*** Opening Material provided ***
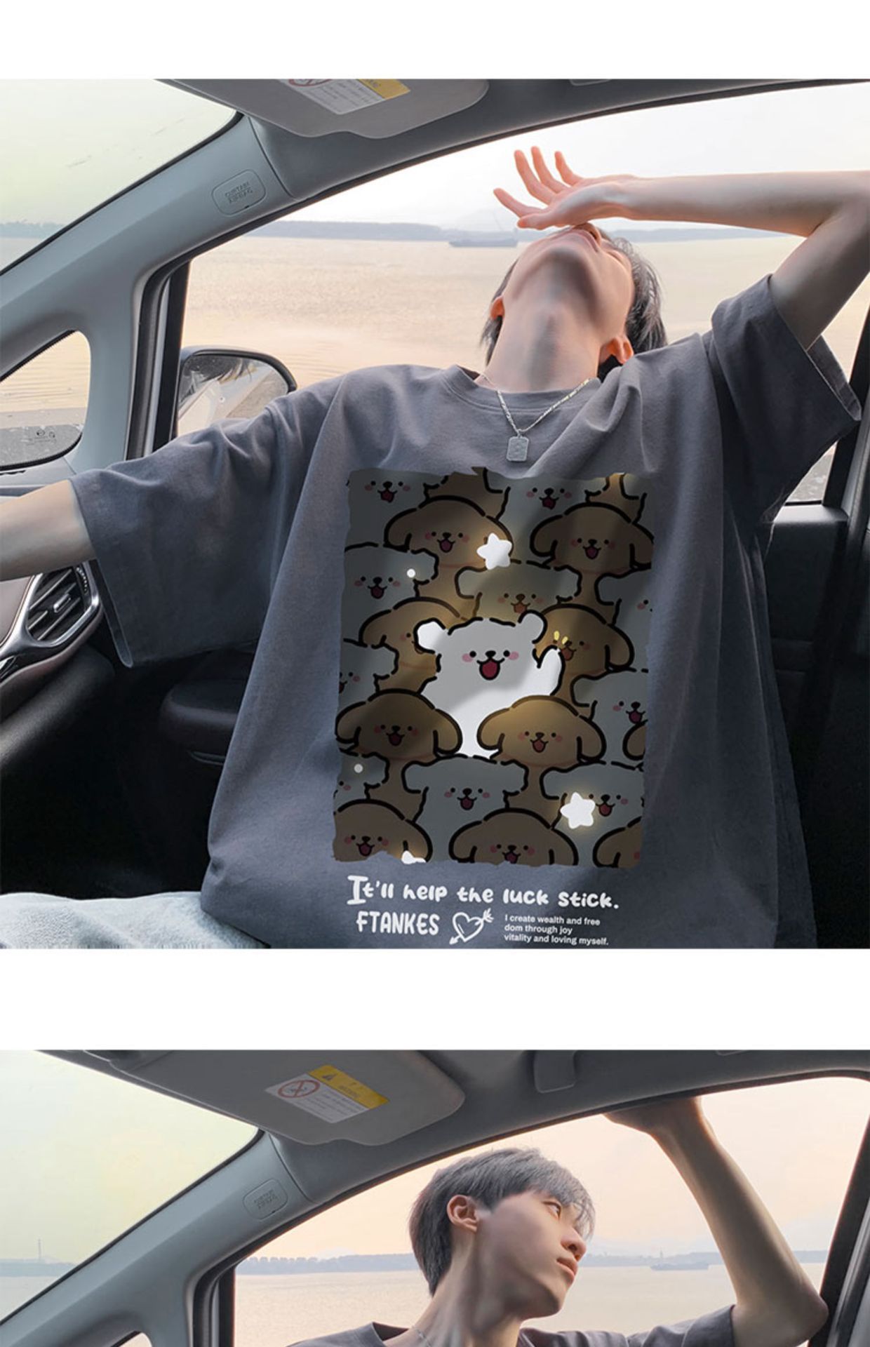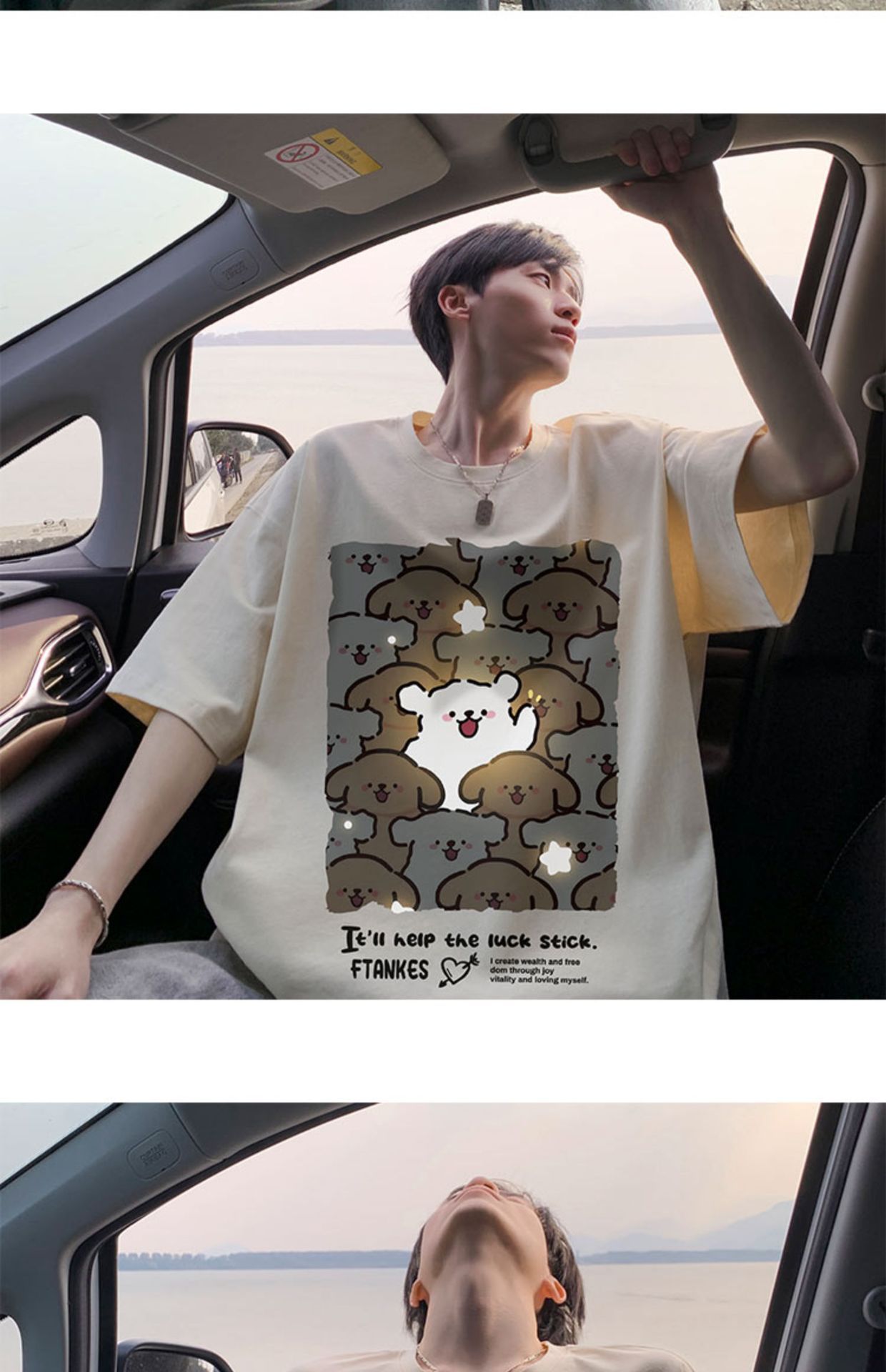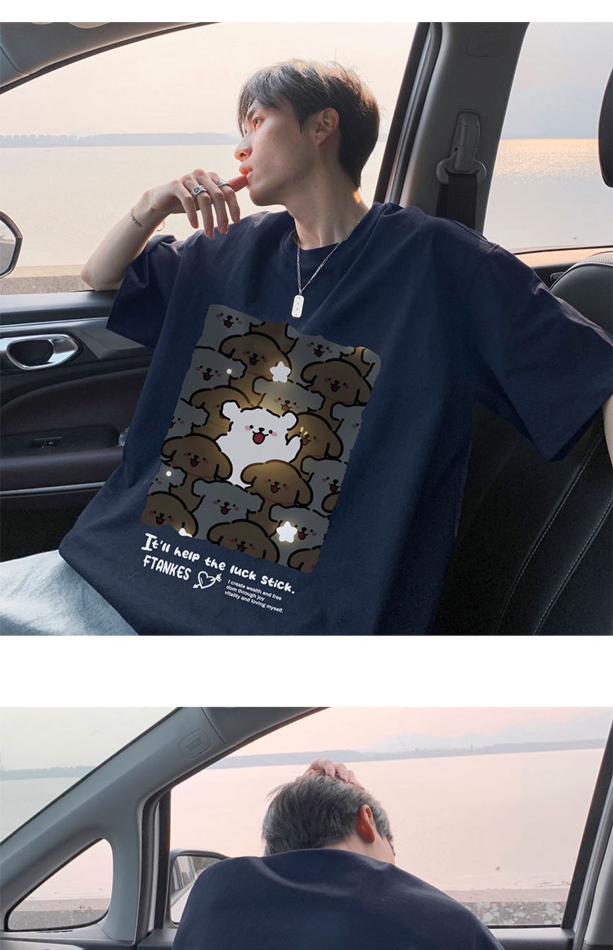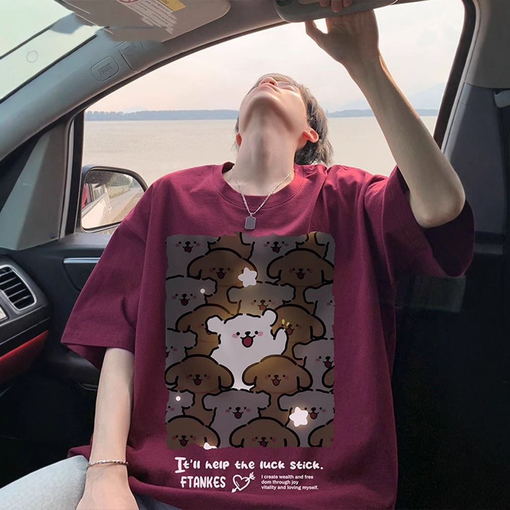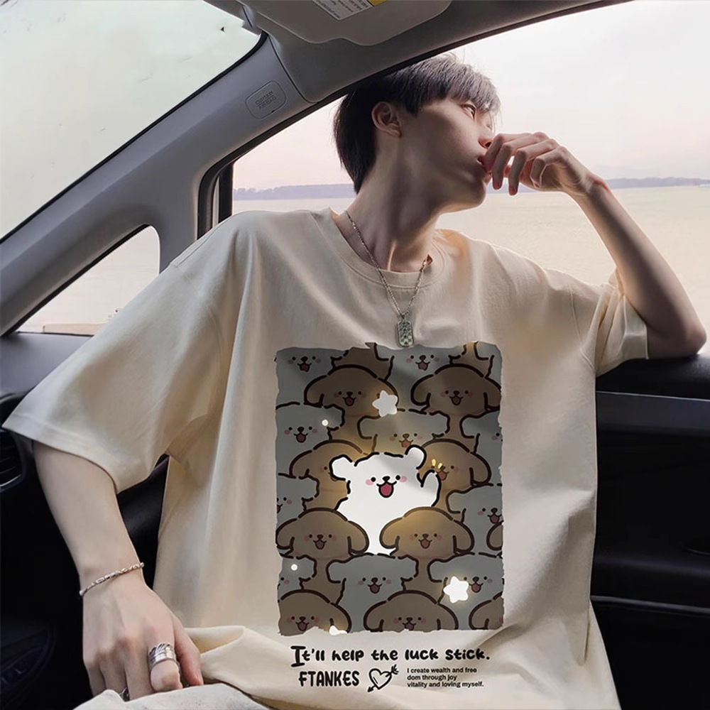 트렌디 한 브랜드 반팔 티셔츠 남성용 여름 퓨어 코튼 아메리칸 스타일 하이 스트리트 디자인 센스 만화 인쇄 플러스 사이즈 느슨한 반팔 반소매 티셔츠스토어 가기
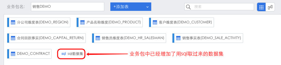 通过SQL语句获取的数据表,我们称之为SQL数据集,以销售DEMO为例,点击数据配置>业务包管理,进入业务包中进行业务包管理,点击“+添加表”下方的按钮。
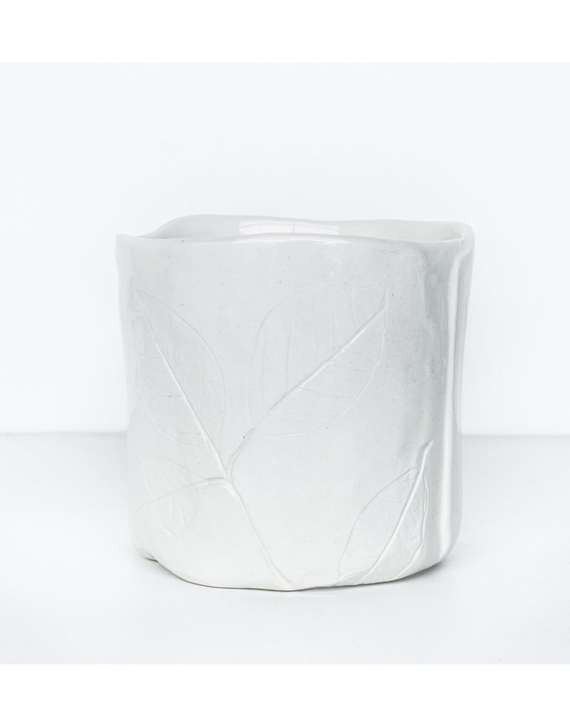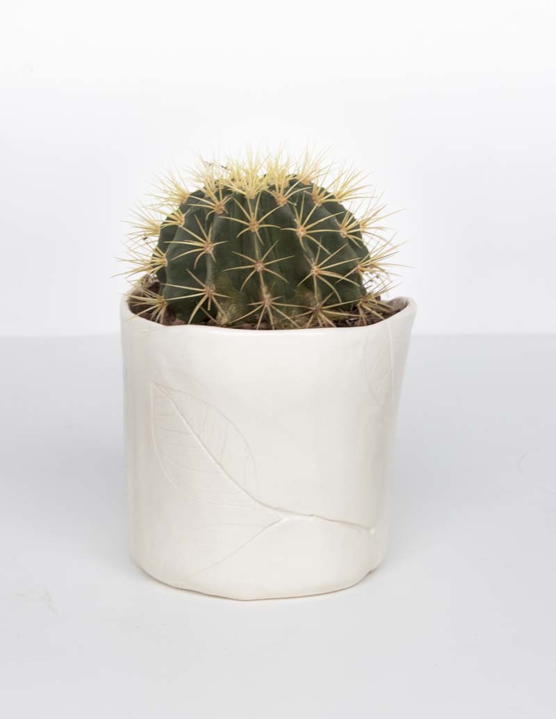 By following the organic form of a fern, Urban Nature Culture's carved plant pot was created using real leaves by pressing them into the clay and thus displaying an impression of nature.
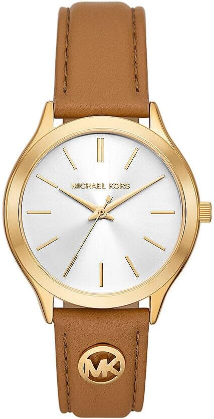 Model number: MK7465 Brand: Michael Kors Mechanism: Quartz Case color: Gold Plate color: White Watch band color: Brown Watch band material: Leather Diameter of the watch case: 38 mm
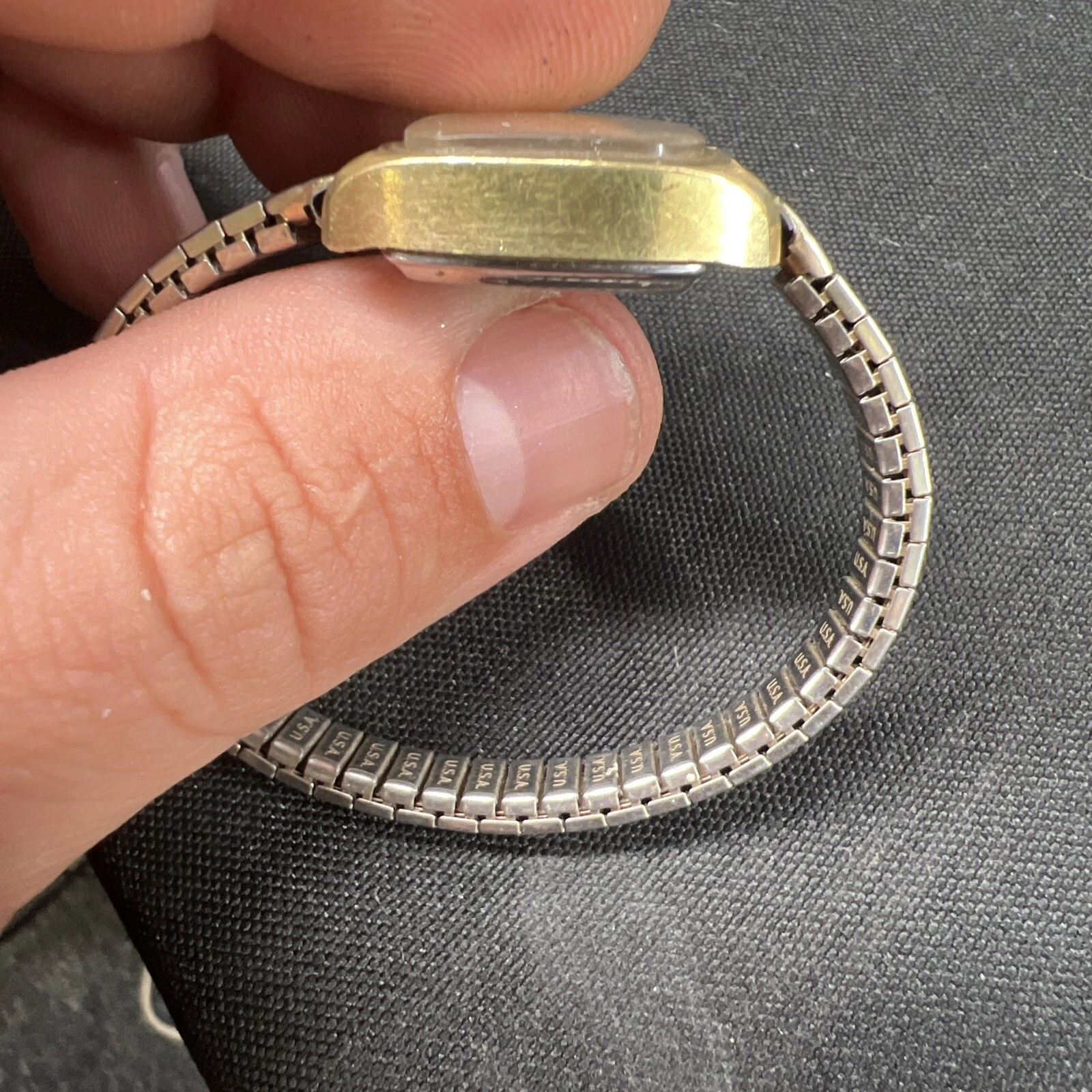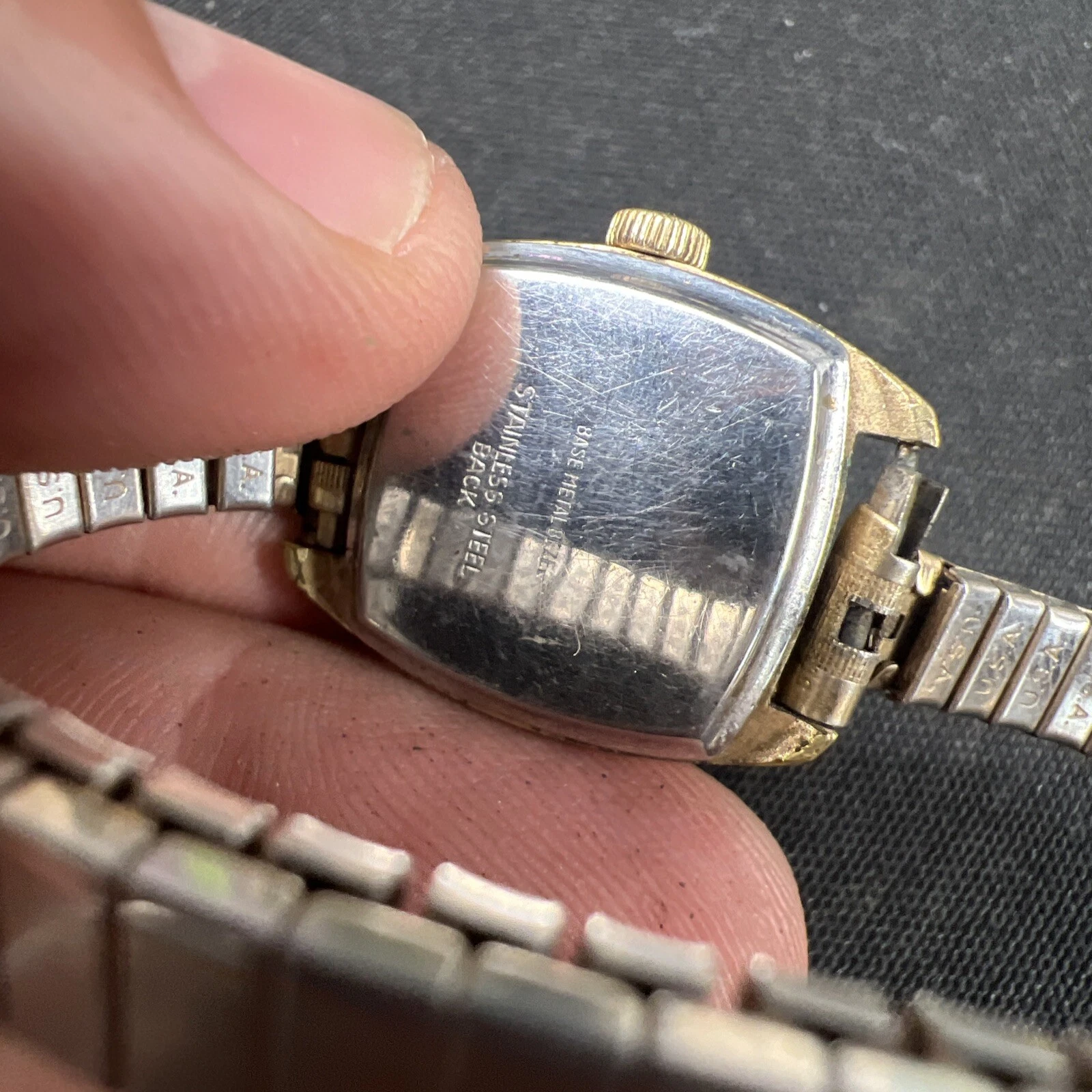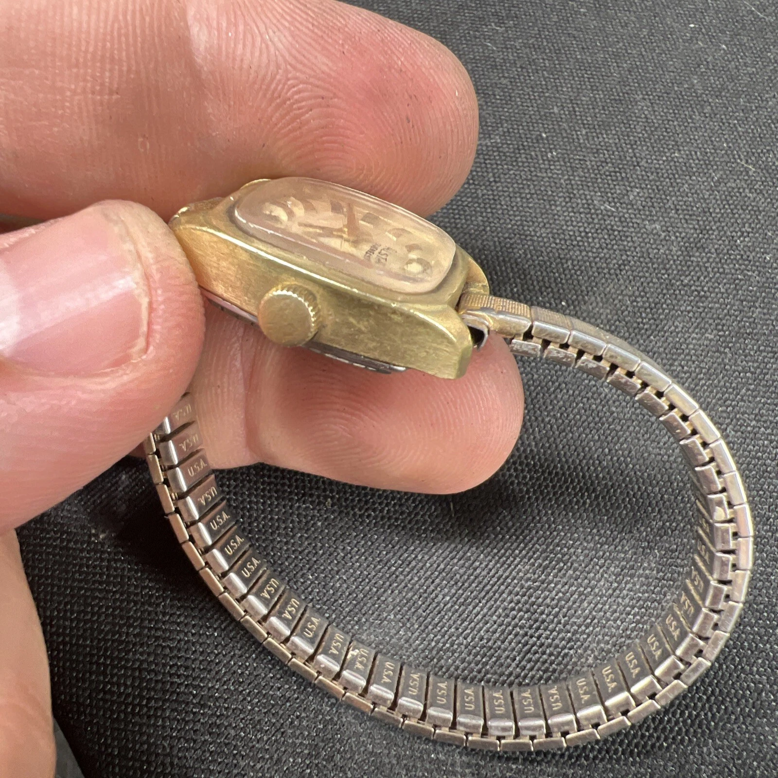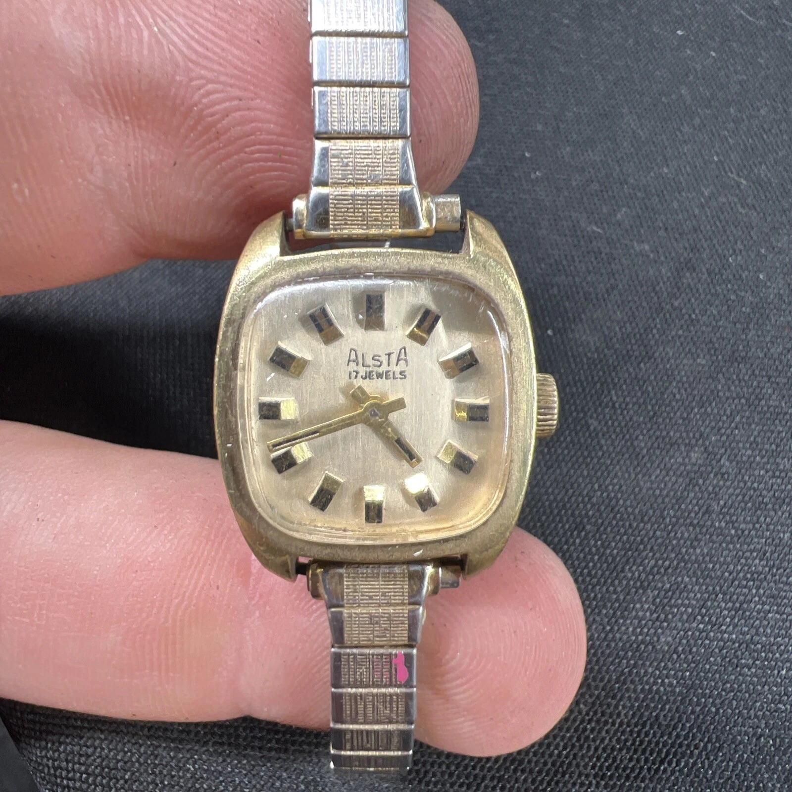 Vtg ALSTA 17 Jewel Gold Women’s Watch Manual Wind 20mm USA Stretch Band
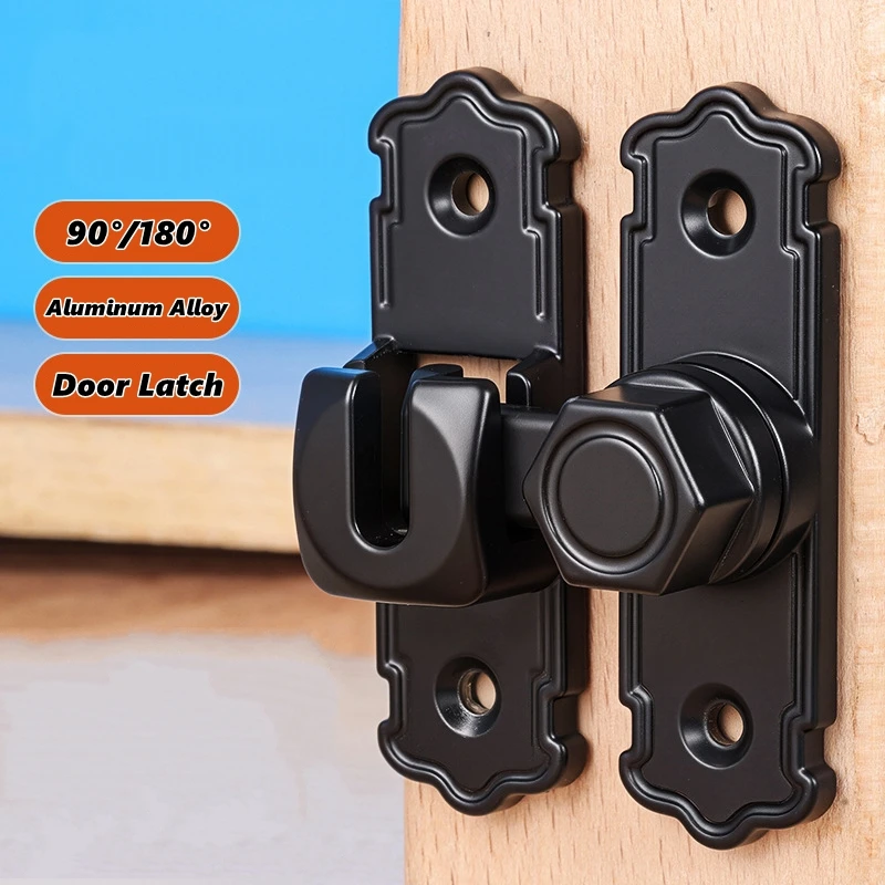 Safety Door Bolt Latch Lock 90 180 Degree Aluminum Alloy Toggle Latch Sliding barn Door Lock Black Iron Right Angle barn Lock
*** Closing Material provided ***
• **Work request**:
A faithful transcription of the material, with no pictures, is the expected result.

• **Reply to the task**:
 트렌디 한 브랜드 반팔 티셔츠 남성용 여름 퓨어 코튼 아메리칸 스타일 하이 스트리트 디자인 센스 만화 인쇄 플러스 사이즈 느슨한 반팔 반소매 티셔츠스토어 가기
 通过SQL语句获取的数据表,我们称之为SQL数据集,以销售DEMO为例,点击数据配置>业务包管理,进入业务包中进行业务包管理,点击“+添加表”下方的按钮。
 By following the organic form of a fern, Urban Nature Culture's carved plant pot was created using real leaves by pressing them into the clay and thus displaying an impression of nature.
 Model number: MK7465 Brand: Michael Kors Mechanism: Quartz Case color: Gold Plate color: White Watch band color: Brown Watch band material: Leather Diameter of the watch case: 38 mm
 Vtg ALSTA 17 Jewel Gold Women’s Watch Manual Wind 20mm USA Stretch Band
 Safety Door Bolt Latch Lock 90 180 Degree Aluminum Alloy Toggle Latch Sliding barn Door Lock Black Iron Right Angle barn Lock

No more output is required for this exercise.